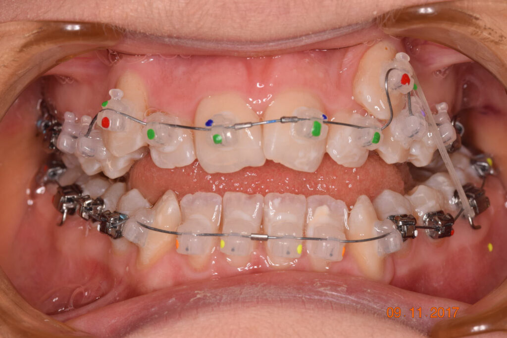 The treatment began in 2017. Given the patient’s preference for less visible brackets, Damon Clear brackets were selected. High torque upper cuspids and low torque upper incisors were chosen to offer the best torque control for upper arch development. For the lower arch, there were no alternative bracket configurations available. Bite turbos were applied to the upper second molars.
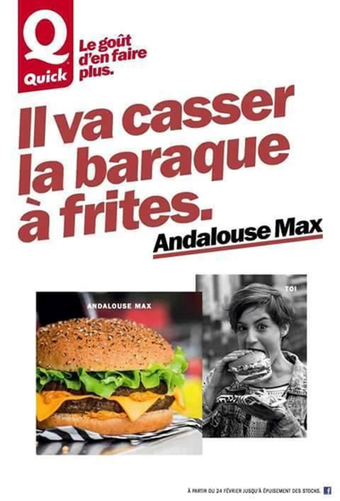 Le dernier slogan de la chaîne de fast-food Quick ne plaît pas aux frituristes. Pour promouvoir ses hamburgers Chicken Samouraï Max et Andalouse Max, Quick déclare la guerre aux friteries !.
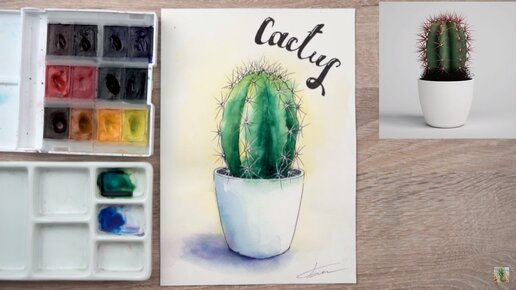 Как нарисовать милый, но колючий кактус? Видеоурок рисования акварелью
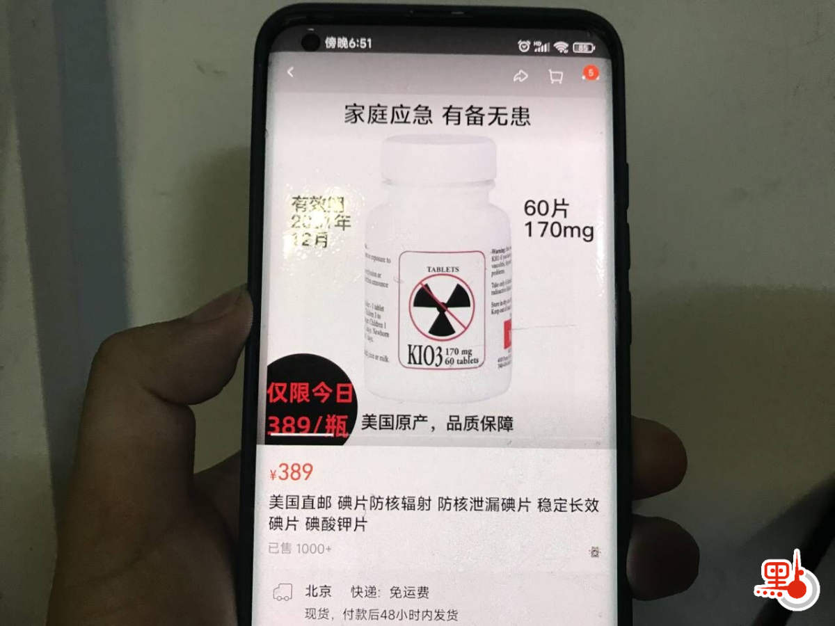 【點新聞報道】日本福島第一核電站啟動核污染水排海後,市民人心惶惶。在內地社交平台小紅書搜索 「預防核輻射」,有不少博主推薦碘化鉀的保健品或藥品,稱「盡早吃可以預防核輻射」。記者到內地網購平台同樣搜索「預防核輻射」,馬上出現不少碘化鉀片產品。其中一款標註美國直郵的「防核洩漏碘片」售價將近400元,已經銷售超過1000款。究竟使用碘化鉀產品能否預防核輻射?
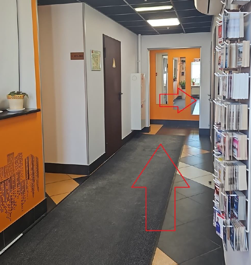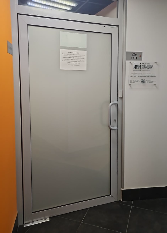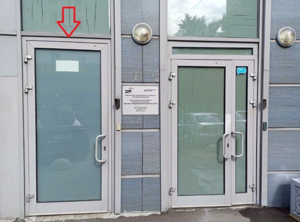 В здание возможен проход через дверь, которая расположена левее (см. изображения). Для входа необходимо нажать на кнопку звонка на домофоне, представиться (ФИО, организация) – секретарь откроет дверь. Далее подняться по лестнице, у входа в институт табличка ФГАУ «Институт медицинских материалов» Минпромторга России.
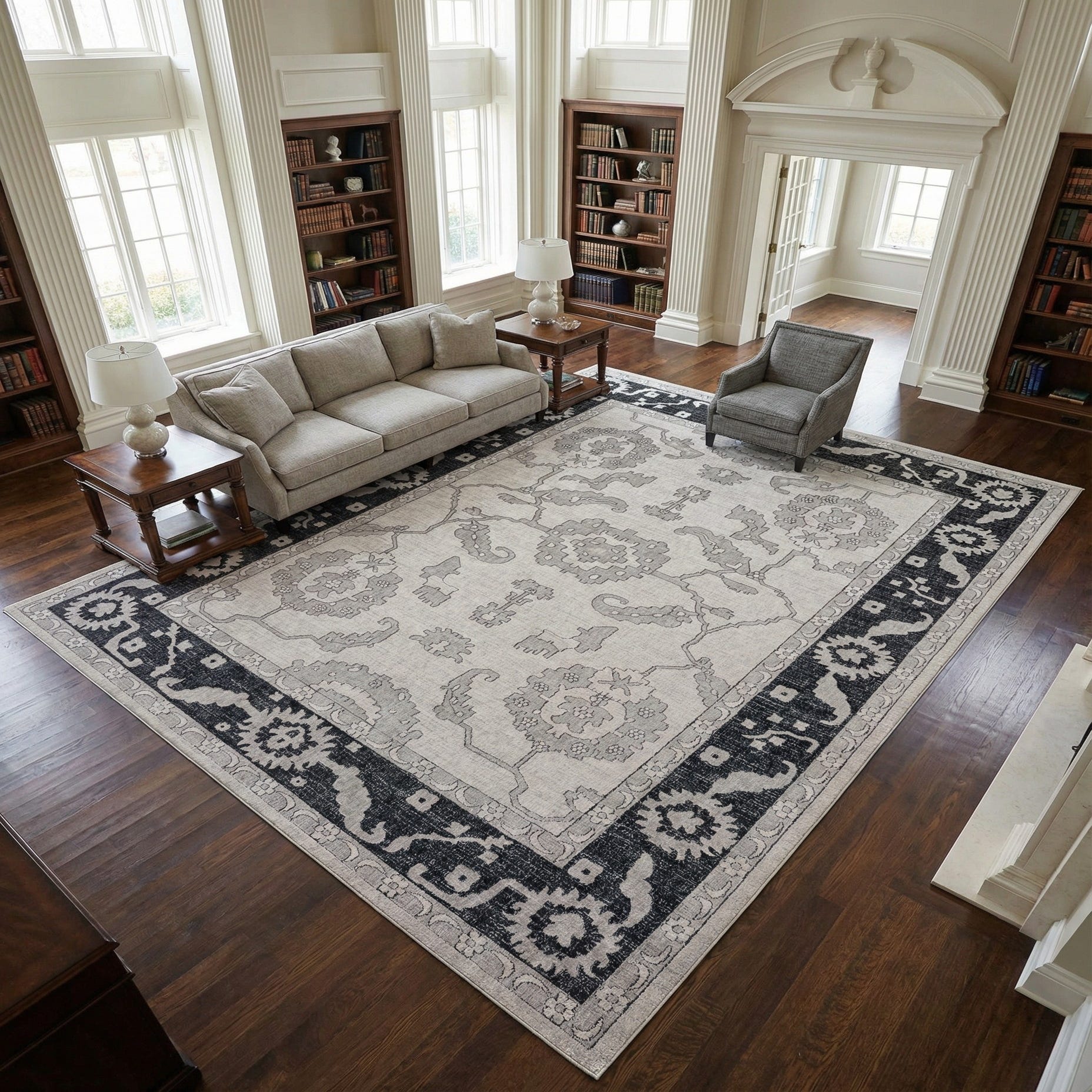 Primary color is Ivory Gray. Colors in this rug include: Ivory Gray, Black.
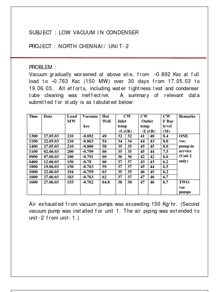 PROBLEM : Vacuum gradually worsened at above site, from load to 0.763 Ksc (150 MW) over 30 days 19.06.03. All efforts, including water tightness tube cleaning was ineffective. A summary submitted for study is as tabulated below:
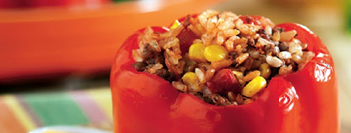 * Or, substitute ground turkey. If softer bell peppers are desired, reduce oven temperature to 375°F and cook filled peppers (covered) for one hour. Save time and clean-up by substituting 1 package of Minute Steamers Brown Rice.
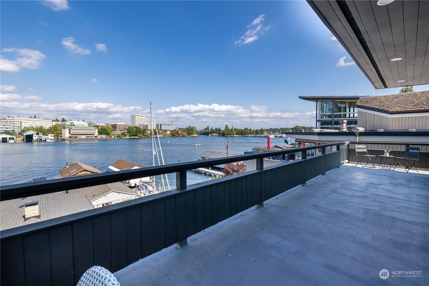 Gorgeous remodeled upper floor home in Portage Bay’s sought after sunny Gold Coast. Extremely rare waterfront co-op community with 2 covered parking spaces on site. The very best views of Portage Bay, UW, & the Cascades, + unique look through Montlake Cut for an endless boat parade. All newly refinished and ready to move right in, this home has room for it all plus an extra private office off the courtyard. Meander down the pathway & walk the 100 ft dock & marina. Swim or launch your kayak or SUP. Be part of an amazing historical water based community and enjoy life on vacation every day.
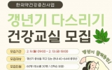 나주 박인석 기자2026. 02.06[AI 호남뉴스]전남 나주시보건소가 갱년기 증상을 겪고 있는 중장년의 건강 증진을 위해 ‘2026년 상반기 갱년기 다스리기 건강교실’ 참여자를 모집한다. 이번 건강 교실은 갱년기로 인한 신체·정신적 변화를 건강하게 관리할 수 있도록 한의약 기반 건강교육과 다양한 체험형 프로그램을 제공하는 것이 특징이다. 모집 대상은 갱년기 증상을 겪고 있는 40~64세 중장년 60명으로 운영 장소별로 각 30명씩 선착순 모집한다. 참여 신청은 오는 9일부터 13일까지 5일간 진행되며 QR코드 또는 URL을 통한 온라인 접수만 가능하다. 프로...

================

WHAT IS NEEDED: Using the listing above, restate exactly the range between the lines holding "В здание возможен" and "PROBLEM : Vacuum", inclusive, with pictures left out.

ANSWER FOR THE TASK:
 В здание возможен проход через дверь, которая расположена левее (см. изображения). Для входа необходимо нажать на кнопку звонка на домофоне, представиться (ФИО, организация) – секретарь откроет дверь. Далее подняться по лестнице, у входа в институт табличка ФГАУ «Институт медицинских материалов» Минпромторга России.
 Primary color is Ivory Gray. Colors in this rug include: Ivory Gray, Black.
 PROBLEM : Vacuum gradually worsened at above site, from load to 0.763 Ksc (150 MW) over 30 days 19.06.03. All efforts, including water tightness tube cleaning was ineffective. A summary submitted for study is as tabulated below:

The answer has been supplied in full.